(Beginning of Information provided)

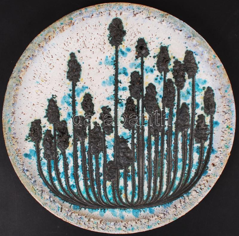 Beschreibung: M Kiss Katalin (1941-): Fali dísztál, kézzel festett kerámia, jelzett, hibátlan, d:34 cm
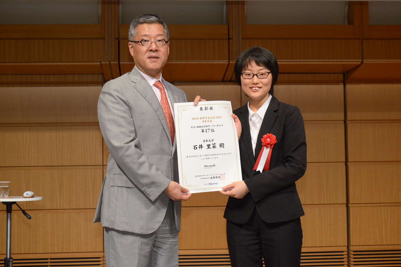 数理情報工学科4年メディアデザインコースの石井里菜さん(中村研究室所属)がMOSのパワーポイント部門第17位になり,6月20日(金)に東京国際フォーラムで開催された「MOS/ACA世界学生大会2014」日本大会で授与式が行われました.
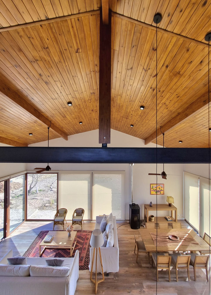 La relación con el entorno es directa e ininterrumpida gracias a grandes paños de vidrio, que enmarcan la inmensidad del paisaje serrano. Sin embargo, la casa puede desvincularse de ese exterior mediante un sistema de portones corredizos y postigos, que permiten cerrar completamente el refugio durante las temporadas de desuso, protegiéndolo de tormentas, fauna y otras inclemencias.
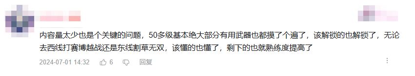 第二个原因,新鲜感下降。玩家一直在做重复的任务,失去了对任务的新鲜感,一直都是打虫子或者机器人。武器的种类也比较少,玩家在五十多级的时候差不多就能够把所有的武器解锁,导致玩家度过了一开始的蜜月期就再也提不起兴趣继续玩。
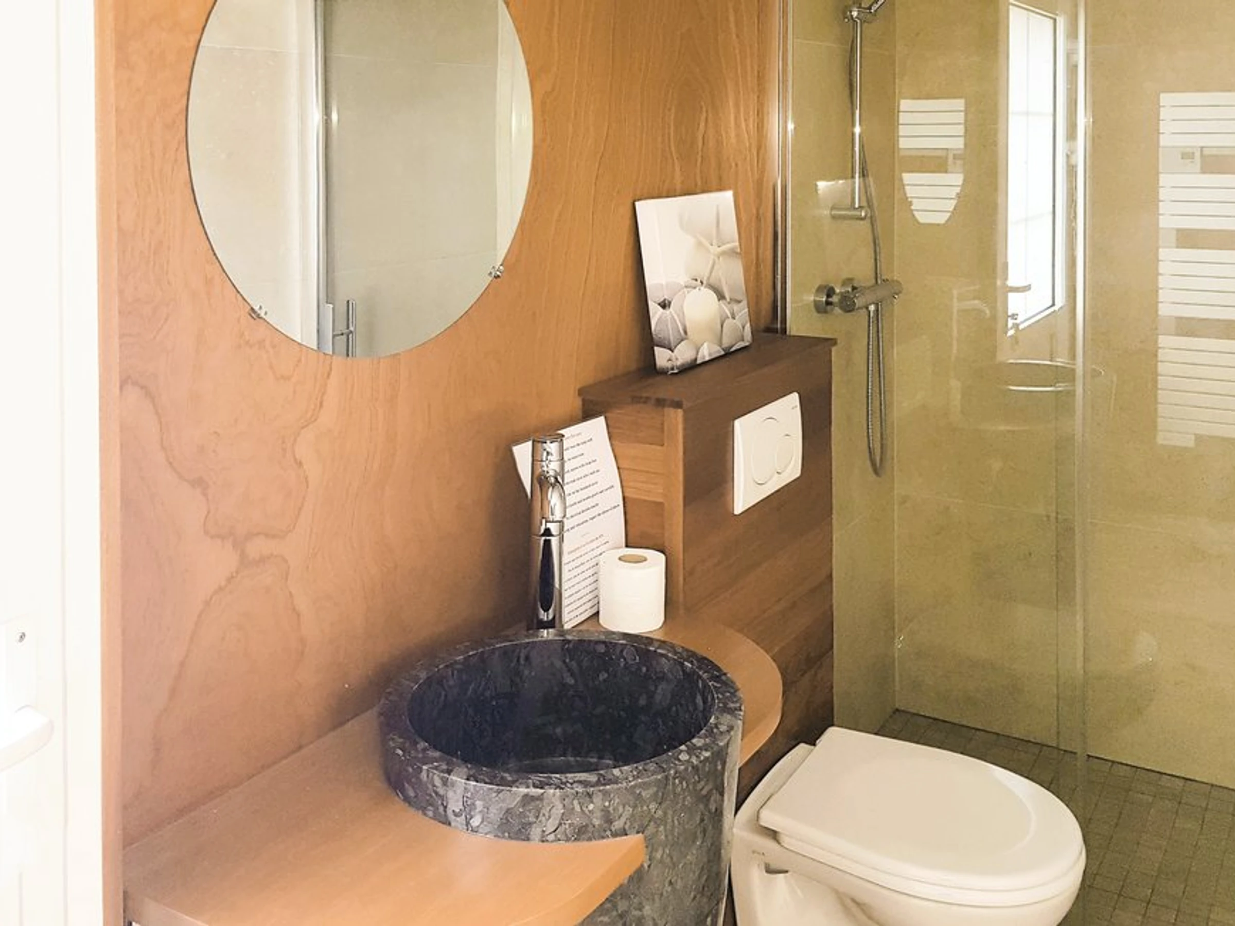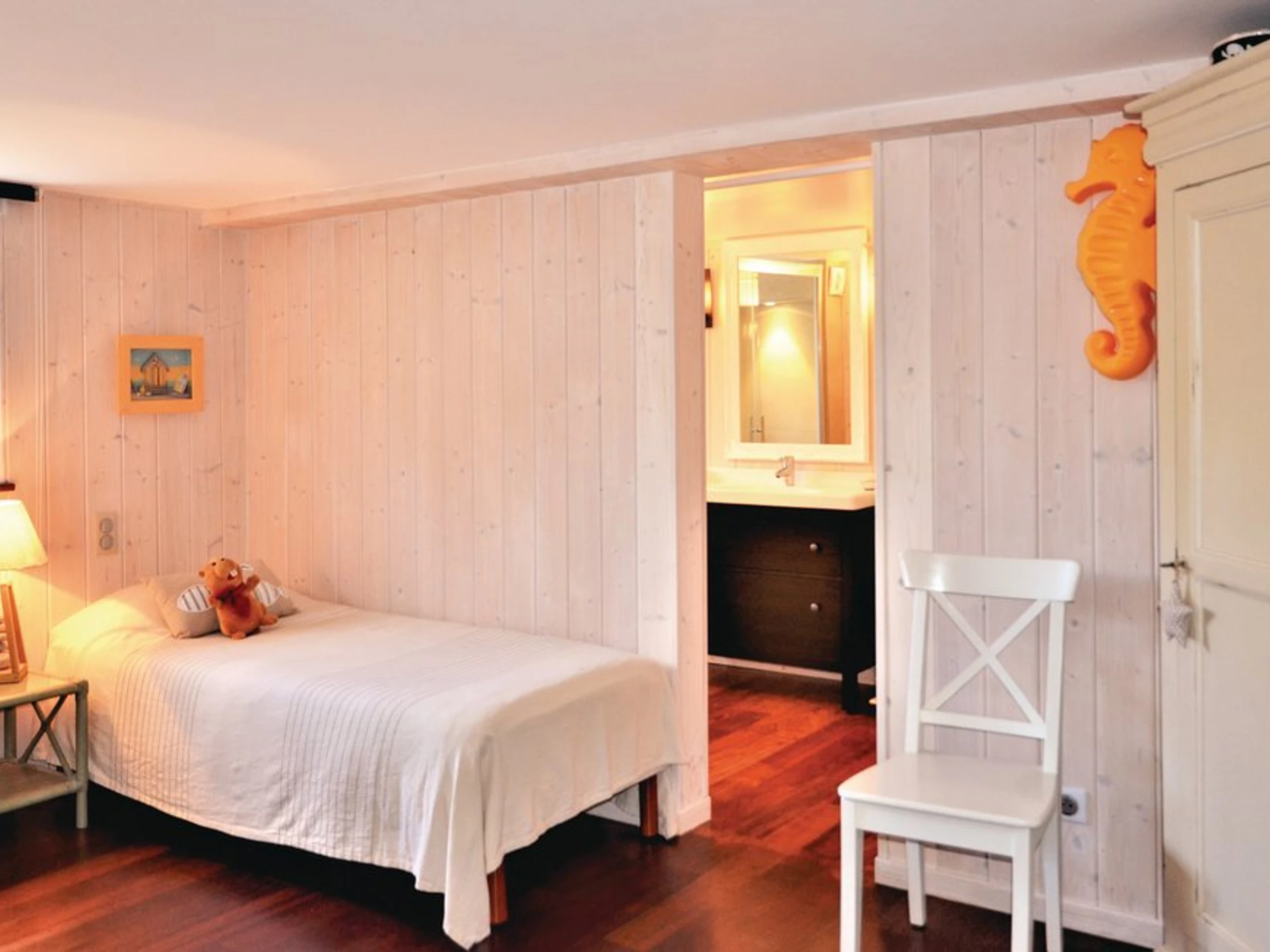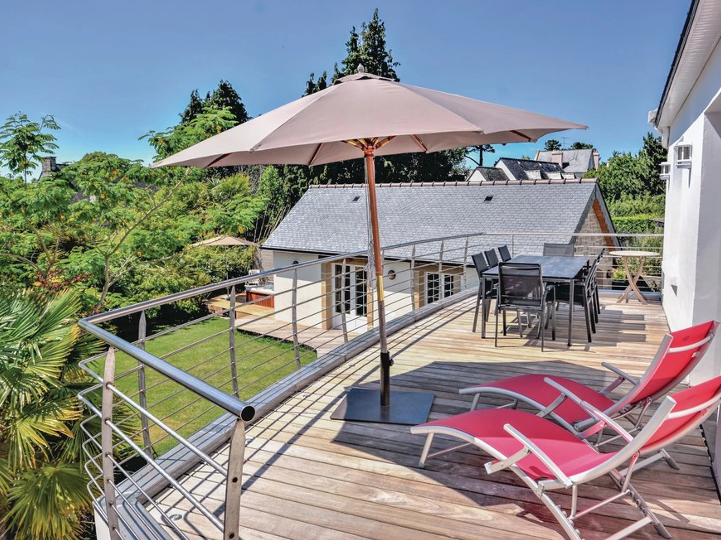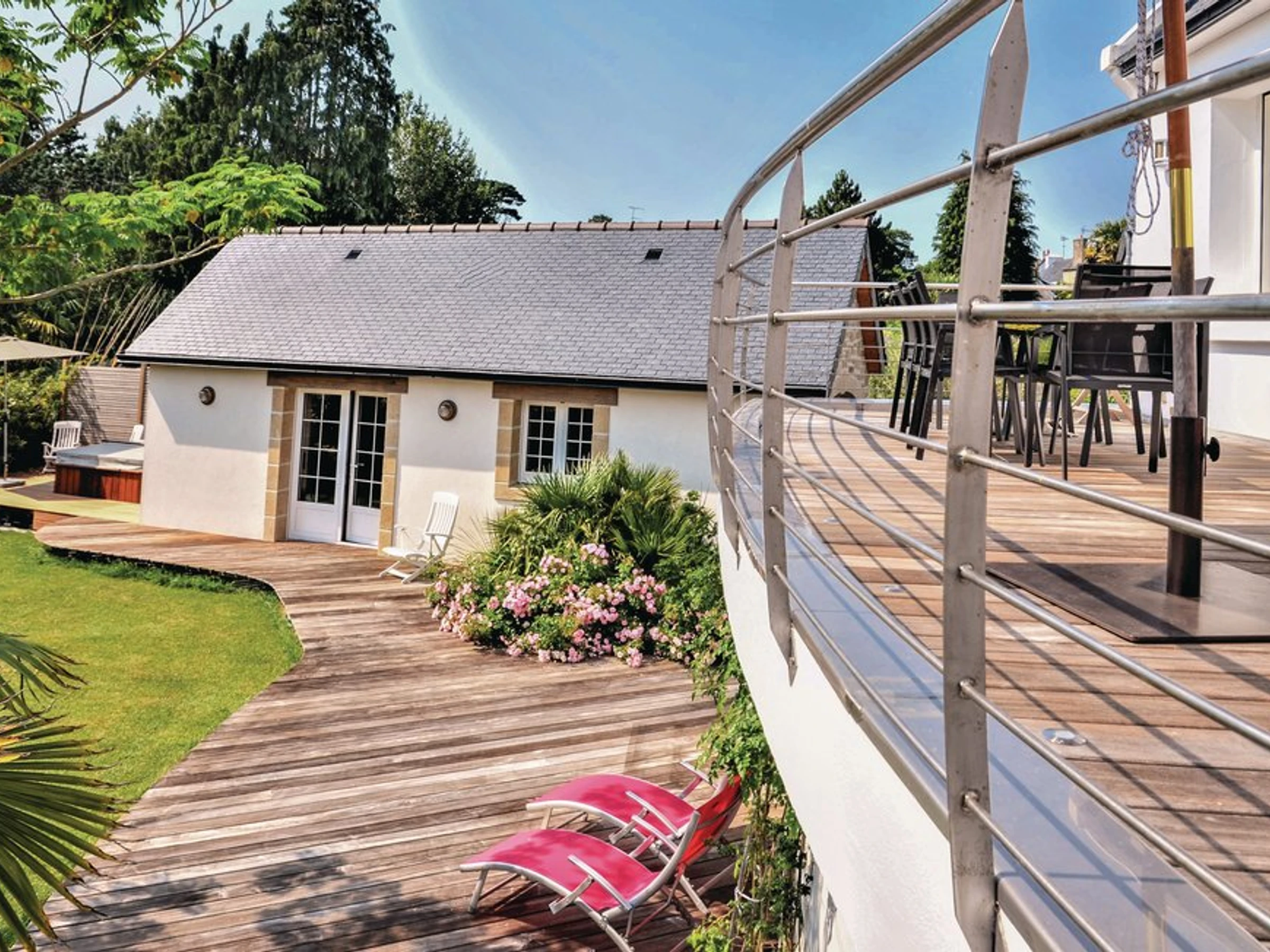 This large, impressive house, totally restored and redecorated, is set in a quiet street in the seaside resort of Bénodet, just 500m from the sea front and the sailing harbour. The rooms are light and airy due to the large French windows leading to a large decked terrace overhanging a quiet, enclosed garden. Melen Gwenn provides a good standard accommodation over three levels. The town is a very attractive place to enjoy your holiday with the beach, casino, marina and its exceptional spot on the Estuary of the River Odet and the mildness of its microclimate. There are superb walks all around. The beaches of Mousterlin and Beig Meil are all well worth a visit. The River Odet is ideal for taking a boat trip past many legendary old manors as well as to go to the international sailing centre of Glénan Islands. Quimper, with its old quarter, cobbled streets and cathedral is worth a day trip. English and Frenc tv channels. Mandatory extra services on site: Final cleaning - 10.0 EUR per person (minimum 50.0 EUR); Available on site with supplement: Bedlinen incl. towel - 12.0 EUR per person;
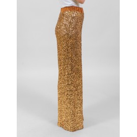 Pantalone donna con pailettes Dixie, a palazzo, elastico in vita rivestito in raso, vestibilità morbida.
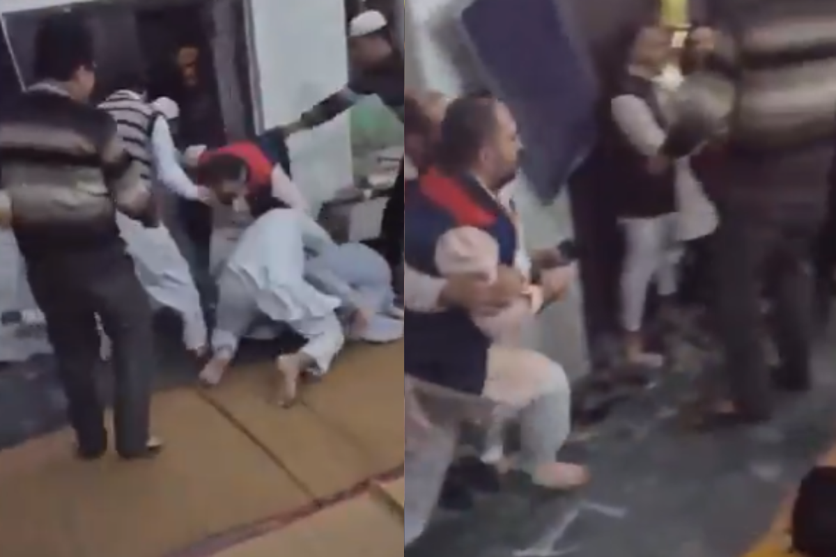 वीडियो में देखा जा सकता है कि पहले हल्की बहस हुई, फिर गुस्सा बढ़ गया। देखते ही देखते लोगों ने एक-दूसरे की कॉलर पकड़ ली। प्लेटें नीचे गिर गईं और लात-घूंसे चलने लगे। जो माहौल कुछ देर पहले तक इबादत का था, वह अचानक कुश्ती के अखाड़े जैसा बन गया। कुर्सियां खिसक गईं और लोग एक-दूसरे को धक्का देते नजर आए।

(End of Information provided)

Work required: Copy exactly, without pictures, the lines above from the one with "数理情報工学科4年メディアデ" down to the one with "第二个原因,新鲜感下降。玩家", inclusive.

Finished task:
 数理情報工学科4年メディアデザインコースの石井里菜さん(中村研究室所属)がMOSのパワーポイント部門第17位になり,6月20日(金)に東京国際フォーラムで開催された「MOS/ACA世界学生大会2014」日本大会で授与式が行われました.
 La relación con el entorno es directa e ininterrumpida gracias a grandes paños de vidrio, que enmarcan la inmensidad del paisaje serrano. Sin embargo, la casa puede desvincularse de ese exterior mediante un sistema de portones corredizos y postigos, que permiten cerrar completamente el refugio durante las temporadas de desuso, protegiéndolo de tormentas, fauna y otras inclemencias.
 第二个原因,新鲜感下降。玩家一直在做重复的任务,失去了对任务的新鲜感,一直都是打虫子或者机器人。武器的种类也比较少,玩家在五十多级的时候差不多就能够把所有的武器解锁,导致玩家度过了一开始的蜜月期就再也提不起兴趣继续玩。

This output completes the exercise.